→ **Task details**:
The entries below are to be repeated exactly, with the pictures left out.

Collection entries
--- START ---

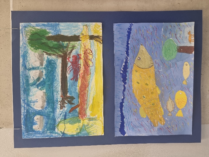 The image displays two horizontally oriented, unframed children's drawings, created with crayons or pastels, mounted vertically on a dark blue backing sheet. This assembly is suspended by thin wires against a light grey, textured wall in Jaunmārupe, Latvia. The upper drawing depicts a simplified landscape. The top third features a light blue sky with several irregular grey and white cloud formations. Below the sky is a strip of dark blue, representing water. The foreground comprises a vivid yellow ground, likely sand or land. A dark green tree with a brown trunk is positioned on the right side, extending from the yellow ground into the blue water area. On the yellow ground, left of the tree, a red, multi-legged creature resembling a lobster or crab is visible. Above this creature, a long, dark brown horizontal shape extends. An amorphous light green shape occupies the far left of the yellow ground. The lower drawing illustrates an aquatic scene with a small terrestrial element. The upper section of the drawing features a dark blue area with white wavy lines, suggesting the water's surface or deeper water. The primary water body is a lighter blue, filled with numerous short, multicolored crayon strokes in red, yellow, green, and blue, representing water currents or movement. A large, golden-yellow fish with a light brown head and distinct eye is centrally located, facing right, with small circular textural details on its body. Bubbles are depicted emanating from its mouth. Below this large fish, three smaller fish of varying sizes and beige-yellow coloration swim towards the left. In the bottom right corner, a green, leafy tree with a brown trunk is depicted on a small patch of brown ground. Adjacent to the tree's base, a small, four-legged brown animal, consistent with a fox or dog, stands.
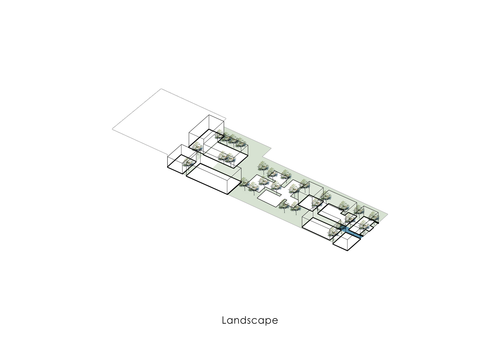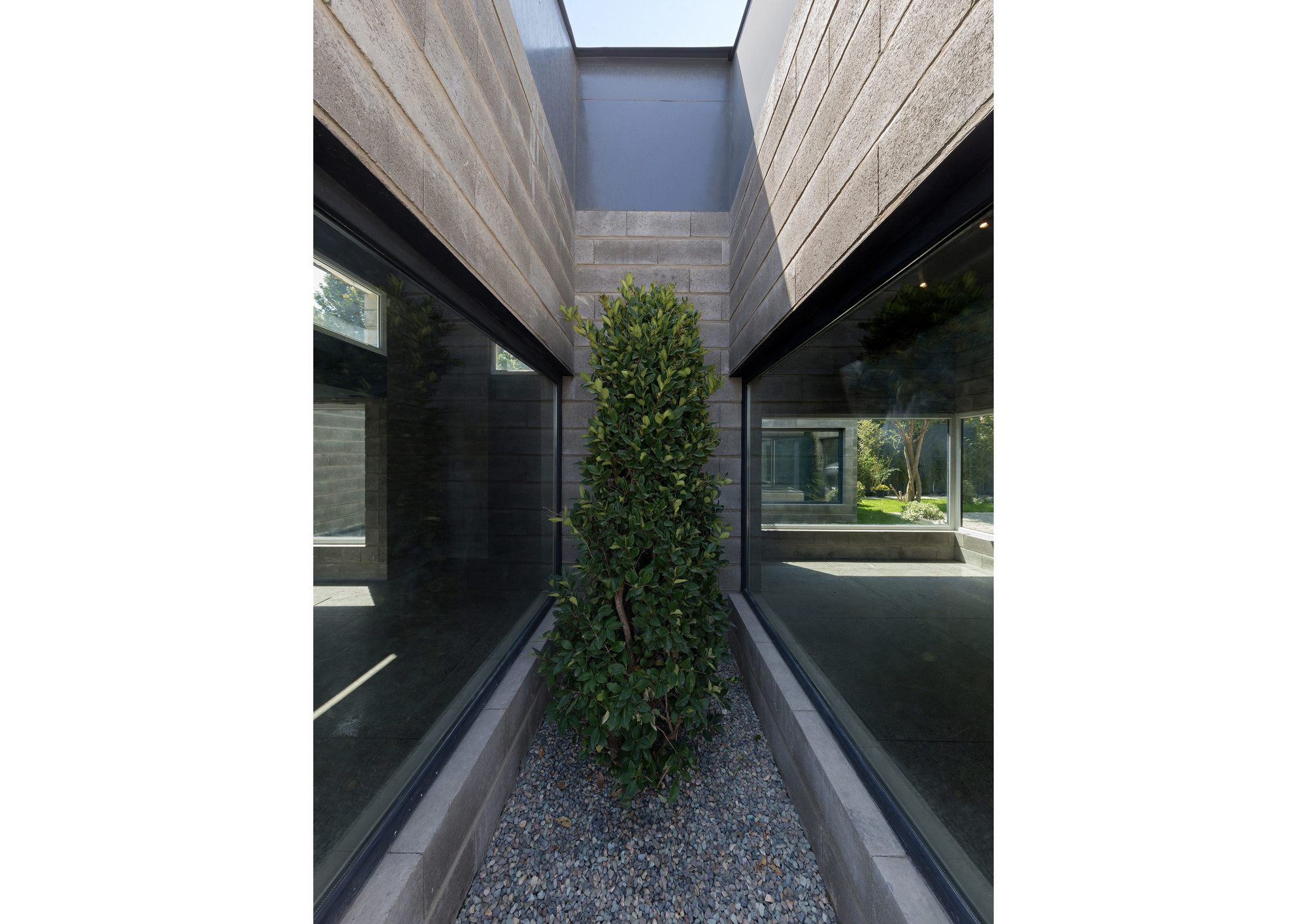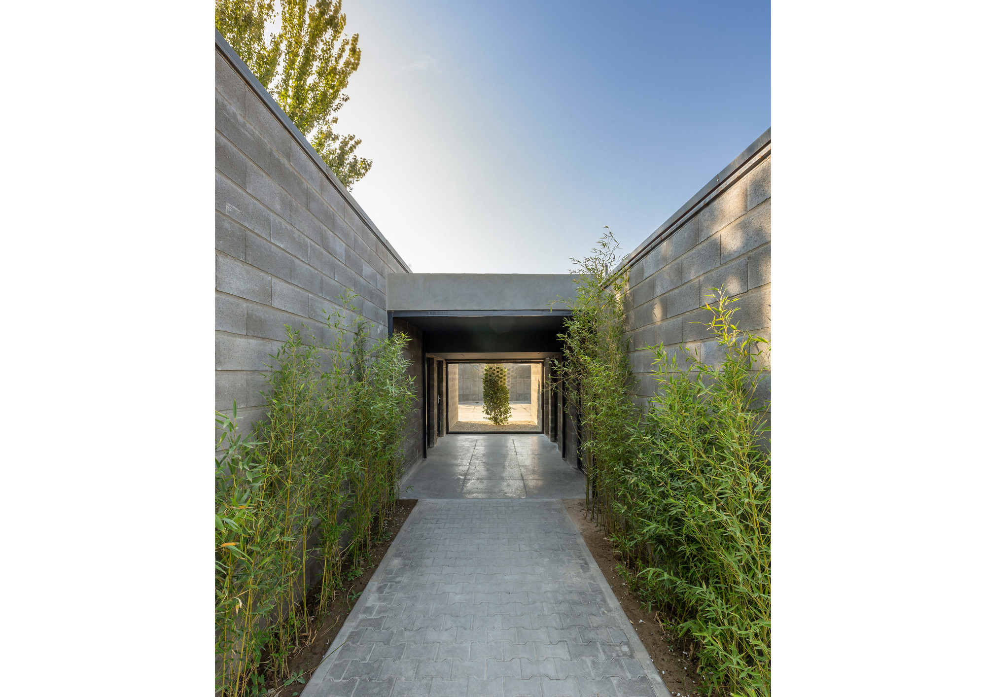 The project brief consisted of an indoor-outdoor showroom, as well as administrative department of Aptus Concrete Block Manufacturing Factory in the suburbs of Karaj. The design process was initiated by considering the everlasting battle between different construction typologies in the suburbs; mainly industrial, agricultural, and inferior residential fabrics. The winner of such combat is usually the low-grade residential development and the losers are landscapes and agricultural fields which are demolished to be replaced by dense and low quality buildings. The design criteria was to create a win-win pattern between greenery and the built environment. Another issue regarding outskirt developments is to provide cost efficient construction solutions which are also aligned with the latest standards. Considering the urge for cost efficiency, it was decided to eliminate finishing layers on the entire interior and exterior of the building and to use company’s concrete blocks as the single material forming the entirety of the building envelope. Based on the initial design criteria, the created building volume forms the exterior and the interior landscape at the same time. Instead of creating a huge “box” surrounded by greenery, it was decided to break the volume into smaller boxes which are independent and characterized based on their function. The created voids between the boxes form greenspaces penetrating into the building. A layered relationship between interior and exterior was formed through transparencies between the boxes. Limiting building materials to a single block enhances the perception of the exterior atmosphere and creates a varying quality of natural light during the day. There are a number of other concrete block manufacturers in the neighborhood of Aptus factory. This project could define a simple pattern for this urban fabric which is not only cost efficient, but also enhances the relationship between the built environment and the greenspace.
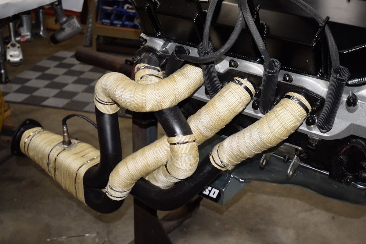 After the first couple of tubes were wrapped, we were beginning to get the hang of it. Our priority was to cover each tube to protect such adjacent hardware as our starter, ignition wires, oil filter, and fuel system as much as possible. This will also allow us to work around the engine during the battles of race day while minimizing “hot headers” for the crew.
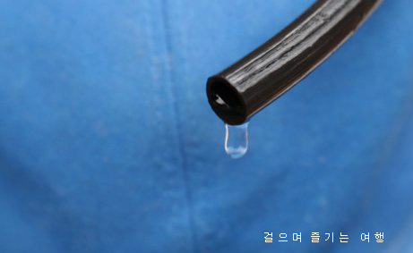 이렇게 구멍에 관을 넣어 물을 받습니다.
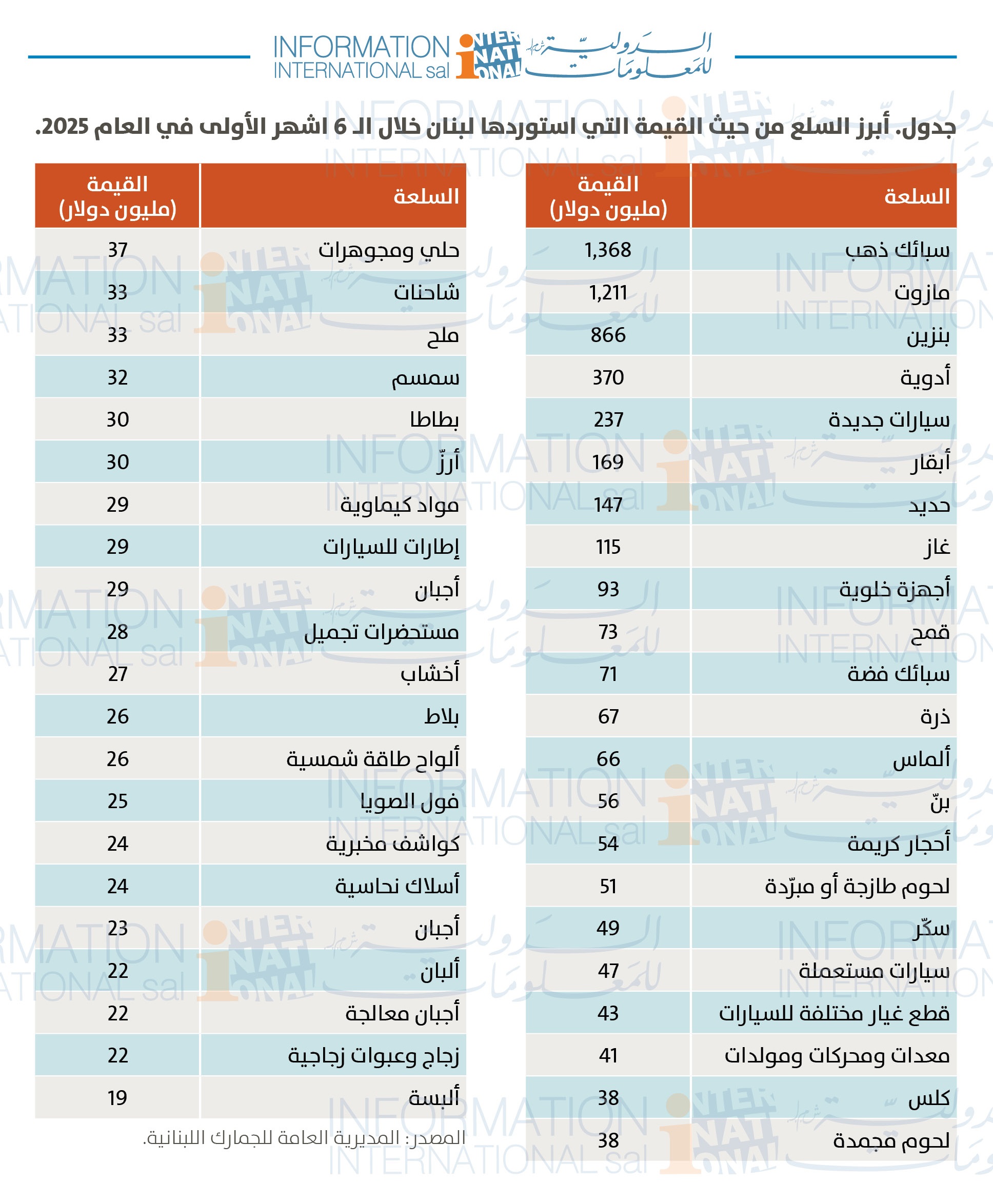 جدول. أبرز السلع من حيث القيمة التي استوردها لبنان خلال الــ 6 اشهر الأولى في العام 2025.
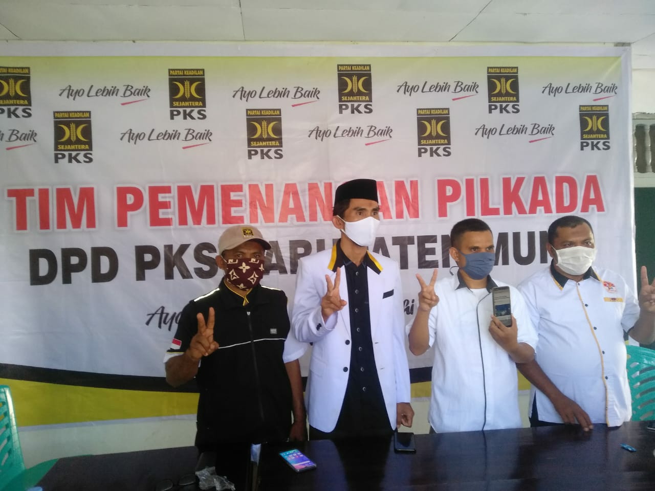 Jafaruddin Ketua DPD Partai Keadilan Sejahtera (PKS) Kabupaten Muna didampingi Dahira Ketua Bapilu Muna, Milwan ketua bidang kaderisasi dan Hamudin Sekretaris Umum (SKUM) PKS, Rabu (5/8/2020).
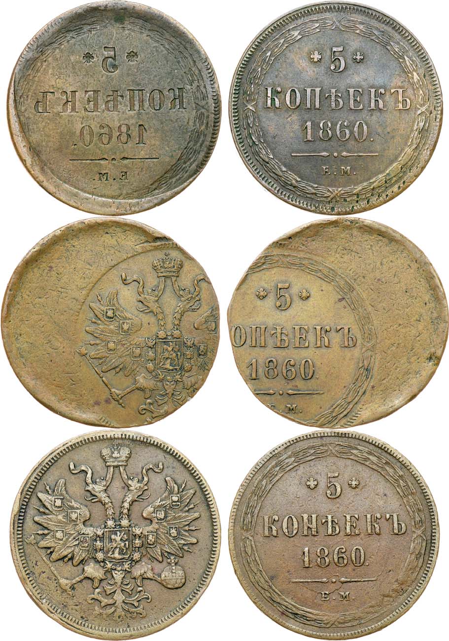 Медь. 5 копеек 1860 года. ЕМ. Инкузный брак. Медь, 24,52 г. AU 5 копеек 1860 года. ЕМ. Брак чекана (смещение кружка). Медь, 22,5 г. AU 5 копеек 1860 года. ЕМ. Увеличенный вес (чекан на толстом кружке). Медь, 30.14 г. AU 50 XF/AU.
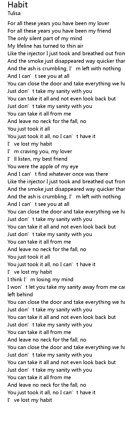 | I' ve lost my habit | |
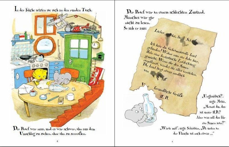 Beim Angeln finden Kater Mika und Elefant Sebastian eine Flaschenpost mit einem geheimnisvollen Samenkorn darin. Sie pflanzen ihn ein und über Nacht wächst daraus eine gigantische Riesenbirne, die sich auf ihrem Grundstück breitmacht. Ein Wunder der Natur, mit dem ein rasantes Abenteuer seinen Lauf nimmt.Nur wegbewegen lässt sich die Birne nicht - so schwer, wie sie ist. Auch Professor Glykose befasst sich mit der Sache und kurzerhand wird beschlossen, die Frucht auszuhöhlen und nach und nach abzutransportieren. Doch durch ein Missgeschick setzt sich der Anhänger, auf den die Freunde die ausgehöhlte Birne gehievt haben, in Bewegung und rumpelt mit viel Getöse den Berg hinab. Mit einem Riesenplatsch landet sie im Meer! Dort treibt die Birne samt Mika, Sebastian und Professor Glykose an Bord einer abenteuerlichen Reise entgegen ...
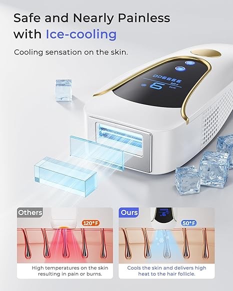 Laser Hair Removal for Women and Men, Air 15 Ice-cooling IPL Device Hair Removal for Nearly Painless & Long-Lasting Results From Home, 3 Modes & Auto Flashing for Fast Full Body Hair Removal
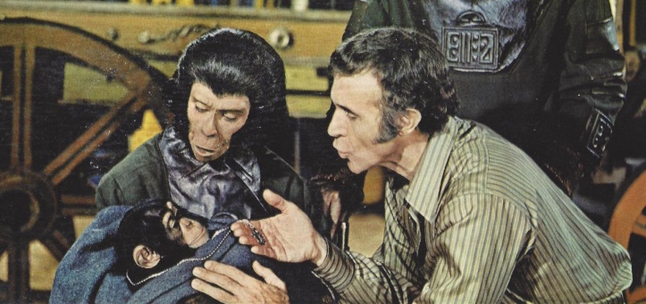 At first, these charming, evolved Apes become instant celebrities as they enjoy the modern luxuries of 1973. But human nature rears its ugly head in the form of Dr. Otto Hasslein, a science advisor to the president. When Zira reveals that she’s pregnant, Hasslein sees that as the first step of humanity’s demise and the rise of the future intelligent simian race. With the untimely death of their friend Milo, Cornelius and Zira realize they may have traveled to a far darker world than the one they left. Thanks to Hasslein’s manipulations, the couple and their new baby find themselves on the run, fleeing a group of men who see themselves as the saviors of humanity’s future.

--- END ---

→ **Exercise output**:
 The image displays two horizontally oriented, unframed children's drawings, created with crayons or pastels, mounted vertically on a dark blue backing sheet. This assembly is suspended by thin wires against a light grey, textured wall in Jaunmārupe, Latvia. The upper drawing depicts a simplified landscape. The top third features a light blue sky with several irregular grey and white cloud formations. Below the sky is a strip of dark blue, representing water. The foreground comprises a vivid yellow ground, likely sand or land. A dark green tree with a brown trunk is positioned on the right side, extending from the yellow ground into the blue water area. On the yellow ground, left of the tree, a red, multi-legged creature resembling a lobster or crab is visible. Above this creature, a long, dark brown horizontal shape extends. An amorphous light green shape occupies the far left of the yellow ground. The lower drawing illustrates an aquatic scene with a small terrestrial element. The upper section of the drawing features a dark blue area with white wavy lines, suggesting the water's surface or deeper water. The primary water body is a lighter blue, filled with numerous short, multicolored crayon strokes in red, yellow, green, and blue, representing water currents or movement. A large, golden-yellow fish with a light brown head and distinct eye is centrally located, facing right, with small circular textural details on its body. Bubbles are depicted emanating from its mouth. Below this large fish, three smaller fish of varying sizes and beige-yellow coloration swim towards the left. In the bottom right corner, a green, leafy tree with a brown trunk is depicted on a small patch of brown ground. Adjacent to the tree's base, a small, four-legged brown animal, consistent with a fox or dog, stands.
 The project brief consisted of an indoor-outdoor showroom, as well as administrative department of Aptus Concrete Block Manufacturing Factory in the suburbs of Karaj. The design process was initiated by considering the everlasting battle between different construction typologies in the suburbs; mainly industrial, agricultural, and inferior residential fabrics. The winner of such combat is usually the low-grade residential development and the losers are landscapes and agricultural fields which are demolished to be replaced by dense and low quality buildings. The design criteria was to create a win-win pattern between greenery and the built environment. Another issue regarding outskirt developments is to provide cost efficient construction solutions which are also aligned with the latest standards. Considering the urge for cost efficiency, it was decided to eliminate finishing layers on the entire interior and exterior of the building and to use company’s concrete blocks as the single material forming the entirety of the building envelope. Based on the initial design criteria, the created building volume forms the exterior and the interior landscape at the same time. Instead of creating a huge “box” surrounded by greenery, it was decided to break the volume into smaller boxes which are independent and characterized based on their function. The created voids between the boxes form greenspaces penetrating into the building. A layered relationship between interior and exterior was formed through transparencies between the boxes. Limiting building materials to a single block enhances the perception of the exterior atmosphere and creates a varying quality of natural light during the day. There are a number of other concrete block manufacturers in the neighborhood of Aptus factory. This project could define a simple pattern for this urban fabric which is not only cost efficient, but also enhances the relationship between the built environment and the greenspace.
 After the first couple of tubes were wrapped, we were beginning to get the hang of it. Our priority was to cover each tube to protect such adjacent hardware as our starter, ignition wires, oil filter, and fuel system as much as possible. This will also allow us to work around the engine during the battles of race day while minimizing “hot headers” for the crew.
 이렇게 구멍에 관을 넣어 물을 받습니다.
 جدول. أبرز السلع من حيث القيمة التي استوردها لبنان خلال الــ 6 اشهر الأولى في العام 2025.
 Jafaruddin Ketua DPD Partai Keadilan Sejahtera (PKS) Kabupaten Muna didampingi Dahira Ketua Bapilu Muna, Milwan ketua bidang kaderisasi dan Hamudin Sekretaris Umum (SKUM) PKS, Rabu (5/8/2020).
 Медь. 5 копеек 1860 года. ЕМ. Инкузный брак. Медь, 24,52 г. AU 5 копеек 1860 года. ЕМ. Брак чекана (смещение кружка). Медь, 22,5 г. AU 5 копеек 1860 года. ЕМ. Увеличенный вес (чекан на толстом кружке). Медь, 30.14 г. AU 50 XF/AU.
 | I' ve lost my habit | |
 Beim Angeln finden Kater Mika und Elefant Sebastian eine Flaschenpost mit einem geheimnisvollen Samenkorn darin. Sie pflanzen ihn ein und über Nacht wächst daraus eine gigantische Riesenbirne, die sich auf ihrem Grundstück breitmacht. Ein Wunder der Natur, mit dem ein rasantes Abenteuer seinen Lauf nimmt.Nur wegbewegen lässt sich die Birne nicht - so schwer, wie sie ist. Auch Professor Glykose befasst sich mit der Sache und kurzerhand wird beschlossen, die Frucht auszuhöhlen und nach und nach abzutransportieren. Doch durch ein Missgeschick setzt sich der Anhänger, auf den die Freunde die ausgehöhlte Birne gehievt haben, in Bewegung und rumpelt mit viel Getöse den Berg hinab. Mit einem Riesenplatsch landet sie im Meer! Dort treibt die Birne samt Mika, Sebastian und Professor Glykose an Bord einer abenteuerlichen Reise entgegen ...
 Laser Hair Removal for Women and Men, Air 15 Ice-cooling IPL Device Hair Removal for Nearly Painless & Long-Lasting Results From Home, 3 Modes & Auto Flashing for Fast Full Body Hair Removal
 At first, these charming, evolved Apes become instant celebrities as they enjoy the modern luxuries of 1973. But human nature rears its ugly head in the form of Dr. Otto Hasslein, a science advisor to the president. When Zira reveals that she’s pregnant, Hasslein sees that as the first step of humanity’s demise and the rise of the future intelligent simian race. With the untimely death of their friend Milo, Cornelius and Zira realize they may have traveled to a far darker world than the one they left. Thanks to Hasslein’s manipulations, the couple and their new baby find themselves on the run, fleeing a group of men who see themselves as the saviors of humanity’s future.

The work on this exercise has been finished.